# How to share a non amazon book with a child profile on Fire



## Piggler

I have converted pdfs into books using calibre.

These books show up in books in the adult profile on the fire and read like kindle books no problem.

I want to share these books with my children on their child profiles but they are not available ( do not show up) when you try to add this content to their profile.

Is this possible? I have read its not possible for non amazon content to show up as a book but that is not true - I have it as a book in the adult profile, but to share it to a child profile is the problem.

I have the send to kindle converted pdf as a doc - how would I even share that to a child profile with no doc reader?

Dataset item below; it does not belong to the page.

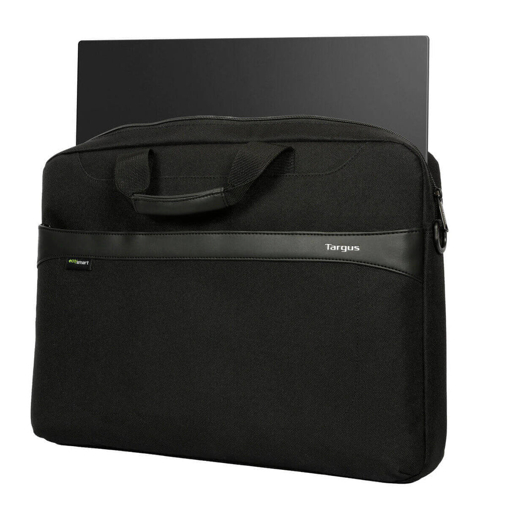 Stay organised and stay ahead with the 13-14" GeoLite EcoSmart® Slim Brief. Sporting a modern design, it’s ideal for professionals looking to balance style, storage, and laptop protection. Slimmer than a briefcase and more functional than a sleeve, the GeoLite EcoSmart® Slim Brief offers a divided laptop compartment allowing for a separate space for documents and files. The front zip compartment provides easy access to your phone, charger, and other accessories. Its removable shoulder strap, soft-grip handles, and luggage trolley strap offer comfortable carrying options. And, its water-resistant exterior and earth-conscious interior, deliver on style, functionality, and sustainability.
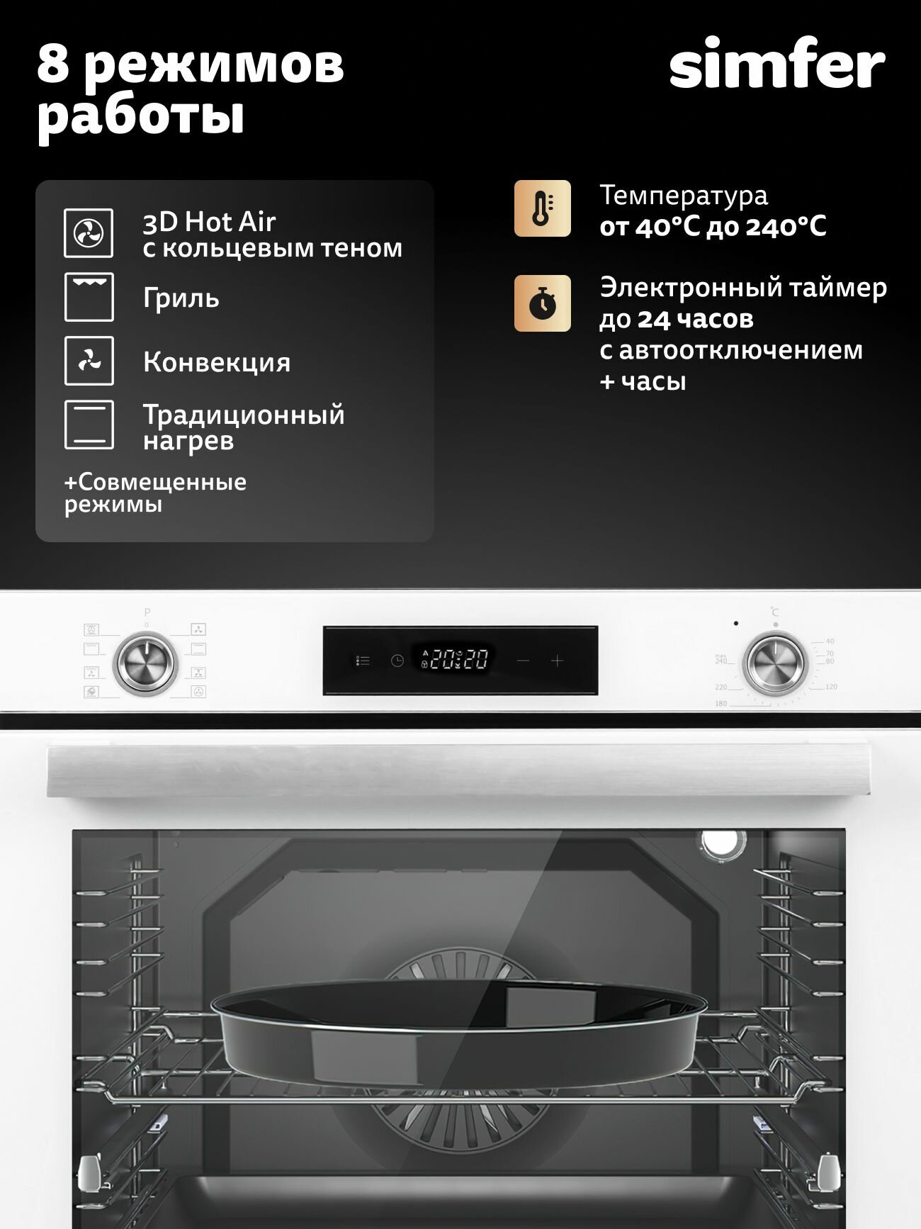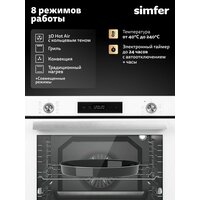 Купить Духовой шкаф электрический встраиваемый Simfer 60см, 80л, 8 режимов, гриль, конвекция, 3 стекла, таймер, 5 ЛЕТ гарантия с доставкой по всей России.

Any assistance here will be appreciated as I have spent a lot of time trying to solve this. I have a number of pdf books I would like to share with my kids and it would be disappointing not to be able to do this.

Thanks in advance.


----------



## PhilD41

FYI, search is your friend! The following link is litterally 7 below your own.

http://www.kboards.com/index.php/topic,135425.0.html

Anyway, the short answer is you can't, but you can cheat using Overdrive and Dropbox (Box, or similar). I to get around the need for APP time to read books, I set up an additional profile with unlimited app time but nothing but the Overdrive app. The kids can then switch profiles whenever they want to read a book from Overdrive.

Have fun!


----------